Brief
The whole listing is to be written out again exactly; the pictures are not.

Recorded data
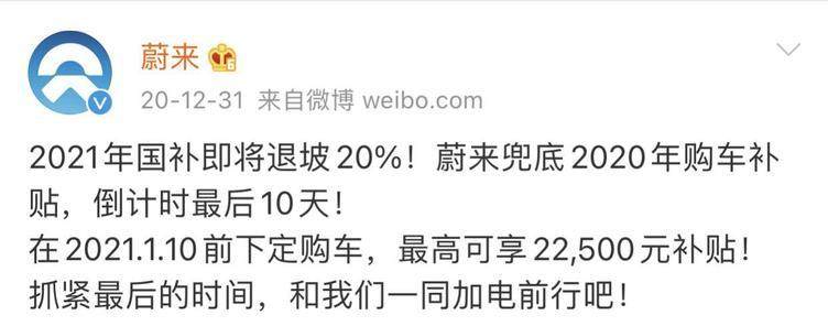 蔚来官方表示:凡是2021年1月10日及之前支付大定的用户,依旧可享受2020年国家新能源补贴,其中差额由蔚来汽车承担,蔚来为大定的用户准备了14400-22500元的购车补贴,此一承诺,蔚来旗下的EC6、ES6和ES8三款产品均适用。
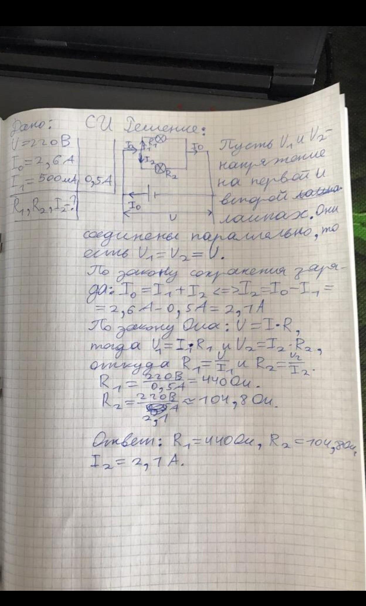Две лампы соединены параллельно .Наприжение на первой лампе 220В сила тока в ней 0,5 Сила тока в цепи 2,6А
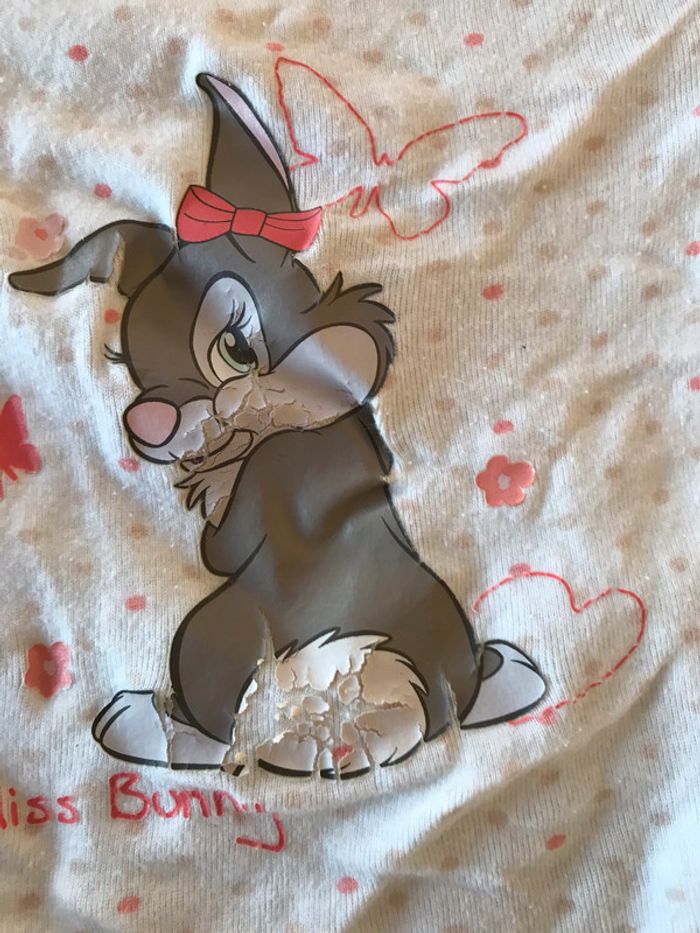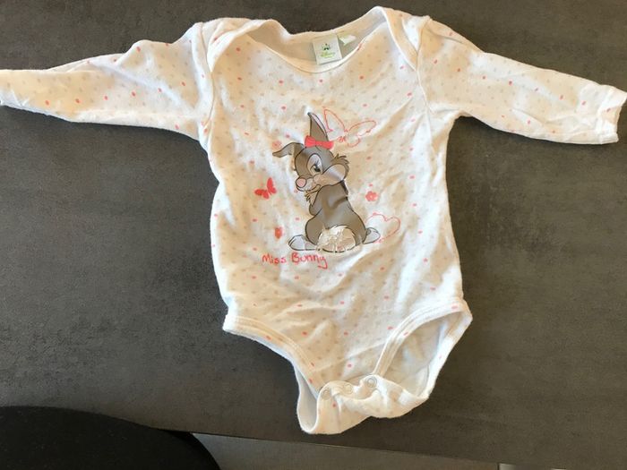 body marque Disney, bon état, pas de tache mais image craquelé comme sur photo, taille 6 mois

Answer space
 蔚来官方表示:凡是2021年1月10日及之前支付大定的用户,依旧可享受2020年国家新能源补贴,其中差额由蔚来汽车承担,蔚来为大定的用户准备了14400-22500元的购车补贴,此一承诺,蔚来旗下的EC6、ES6和ES8三款产品均适用。
Две лампы соединены параллельно .Наприжение на первой лампе 220В сила тока в ней 0,5 Сила тока в цепи 2,6А
 body marque Disney, bon état, pas de tache mais image craquelé comme sur photo, taille 6 mois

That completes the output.